◆ Work to complete
For this exercise, restate every line below word for word and drop the images.

Recorded data
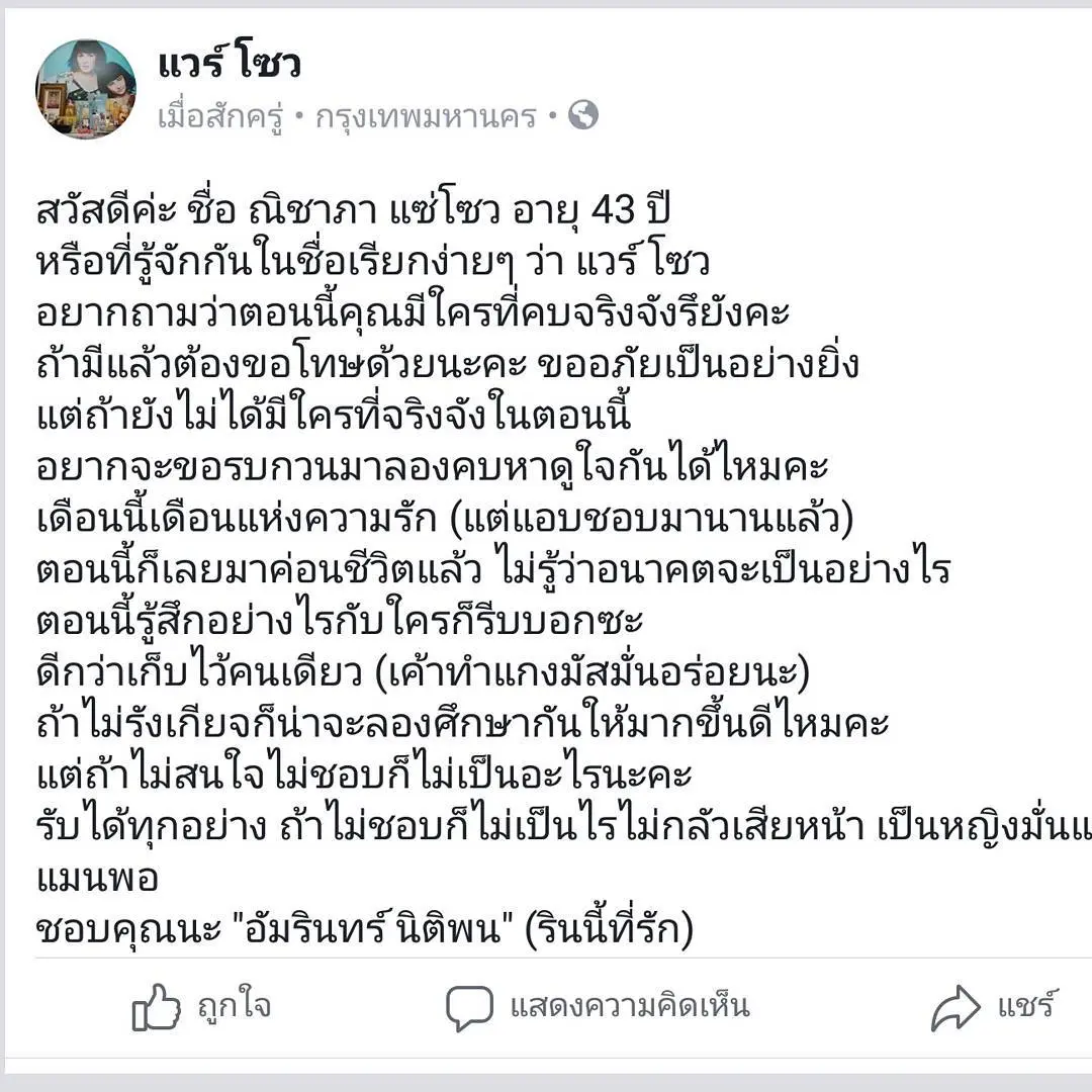 “อ่ำ อัมรินทร์“ ไลฟ์สดเคลียร์ประเด็นที่คุณแม่เลี้ยงเดี่ยว “แวร์ โซว” บอกชอบผ่านเฟซบุ๊ก เจ้าตัวบอกขอบคุณที่มีความรู้สึกดีดีให้ แต่ตอนนี้ตนไม่ได้คิดถึงเรื่องนี้เลย เพราะมีความสุขกับการอยู่กับตัวเองและแก้ไขสิ่งที่ผิดพลาด
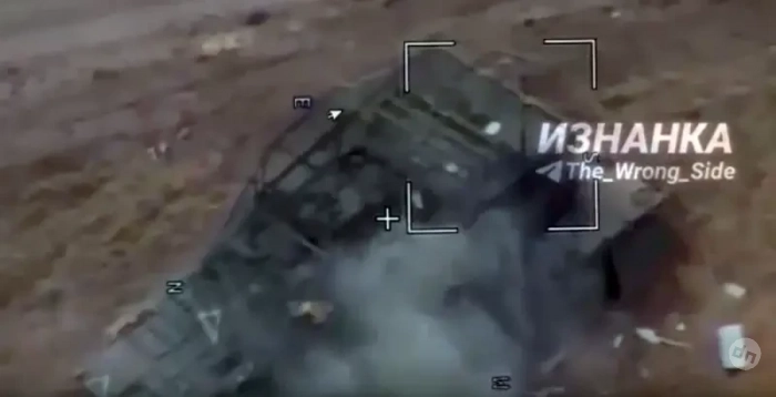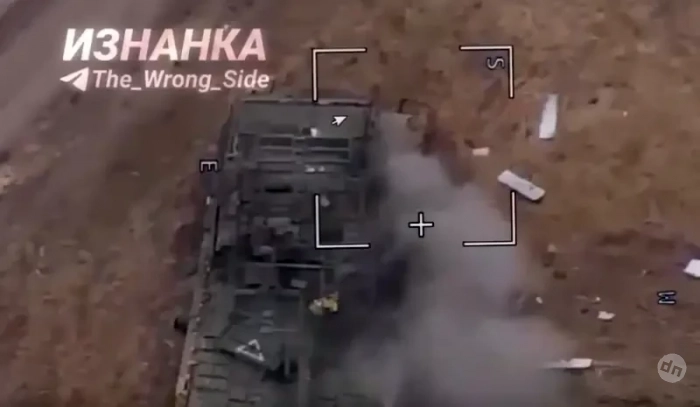 Судя по кадрам, российский беспилотник угодил в боковую нижнюю часть башни танка. Ставший давно привычным антидроновый «мангал» не помог. В принципе, машина внешне выглядит вполне целой, взрыва боекомплекта, скорее всего, не было. Хотя видно, что одну из гусениц ОБТ оторвало. Не исключено, что ударов БПЛА было несколько, либо танк наехал на мину.
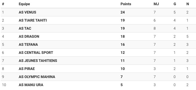 La huitième journée du championnat de Ligue 1 s’est déroulée ce week-end. Quatre rencontres sur cinq se sont soldées par un match nul : Tiare Tahiti-Dragon (2-2), Vénus-Tefana (1-1), Central-JT (1-1) et Taravao-Manu Ura (1-1). Pirae a battu l’Olympique de Mahina 11-1. Au niveau du classement, aucun changement.
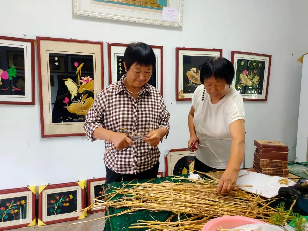 三十里铺镇在孙庄村为李志海安排了两间工作室,免费向村民们传授麦秆画制作工艺。
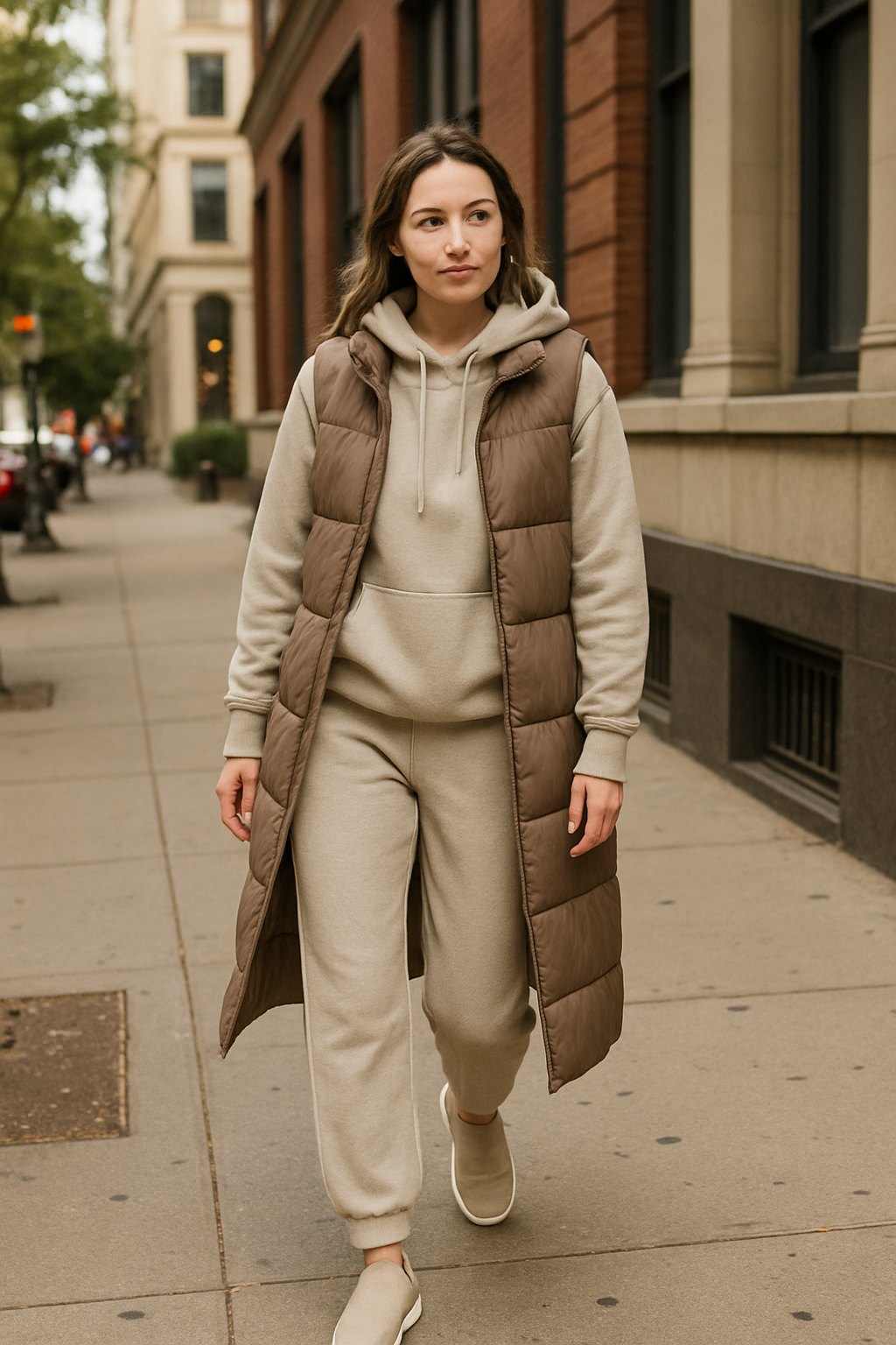 6. Neutral Matching Sweatsuit + Longline Puffer Vest + Slip-On Sneakers
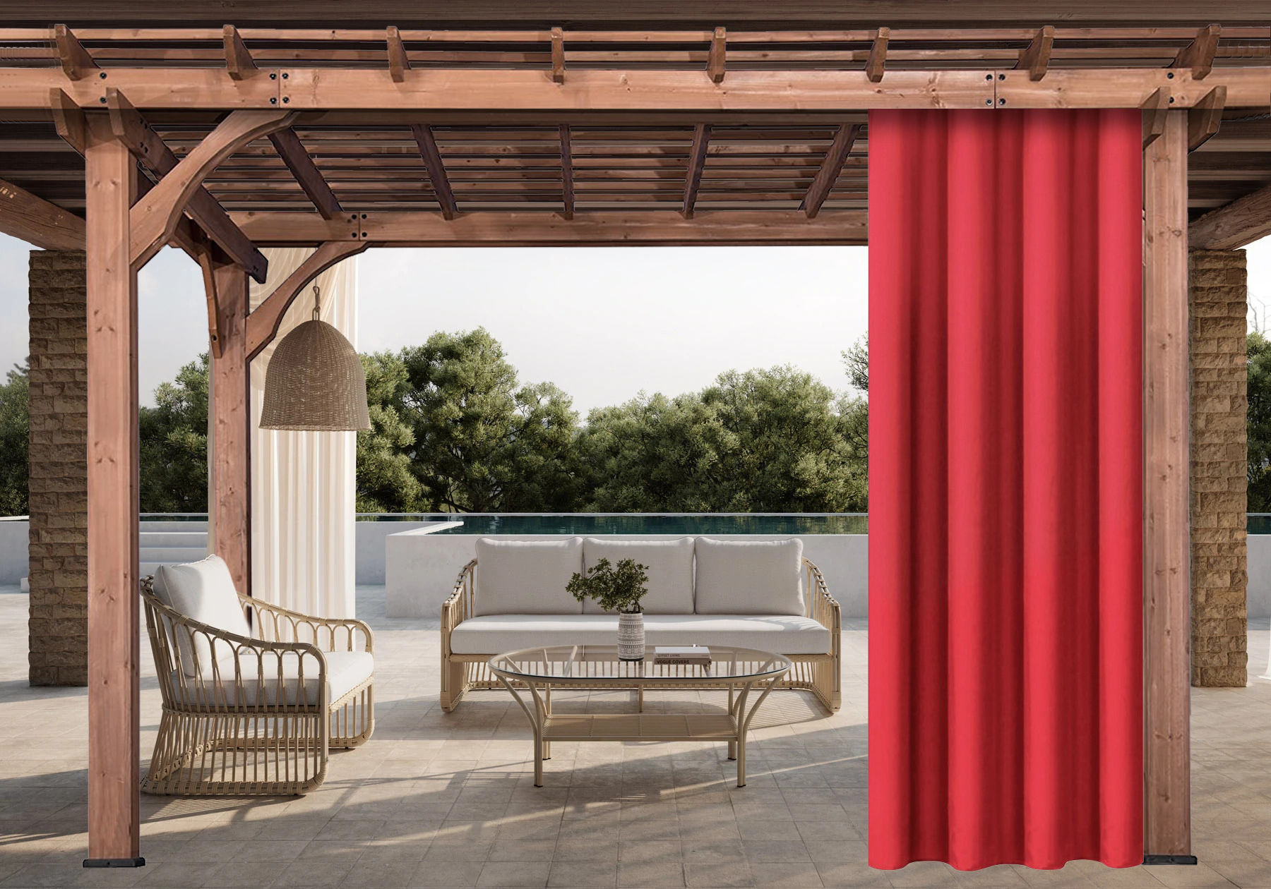 Venkovní zahradní závěsy vyráběné v různých vzorech a trendových barvách jsou nabízeny s kroužky nebo na tunýlek ve více rozměrech. Ideální volba pro Vaši pergolu nebo altán.

◆ Task answer
 “อ่ำ อัมรินทร์“ ไลฟ์สดเคลียร์ประเด็นที่คุณแม่เลี้ยงเดี่ยว “แวร์ โซว” บอกชอบผ่านเฟซบุ๊ก เจ้าตัวบอกขอบคุณที่มีความรู้สึกดีดีให้ แต่ตอนนี้ตนไม่ได้คิดถึงเรื่องนี้เลย เพราะมีความสุขกับการอยู่กับตัวเองและแก้ไขสิ่งที่ผิดพลาด
 Судя по кадрам, российский беспилотник угодил в боковую нижнюю часть башни танка. Ставший давно привычным антидроновый «мангал» не помог. В принципе, машина внешне выглядит вполне целой, взрыва боекомплекта, скорее всего, не было. Хотя видно, что одну из гусениц ОБТ оторвало. Не исключено, что ударов БПЛА было несколько, либо танк наехал на мину.
 La huitième journée du championnat de Ligue 1 s’est déroulée ce week-end. Quatre rencontres sur cinq se sont soldées par un match nul : Tiare Tahiti-Dragon (2-2), Vénus-Tefana (1-1), Central-JT (1-1) et Taravao-Manu Ura (1-1). Pirae a battu l’Olympique de Mahina 11-1. Au niveau du classement, aucun changement.
 三十里铺镇在孙庄村为李志海安排了两间工作室,免费向村民们传授麦秆画制作工艺。
 6. Neutral Matching Sweatsuit + Longline Puffer Vest + Slip-On Sneakers
 Venkovní zahradní závěsy vyráběné v různých vzorech a trendových barvách jsou nabízeny s kroužky nebo na tunýlek ve více rozměrech. Ideální volba pro Vaši pergolu nebo altán.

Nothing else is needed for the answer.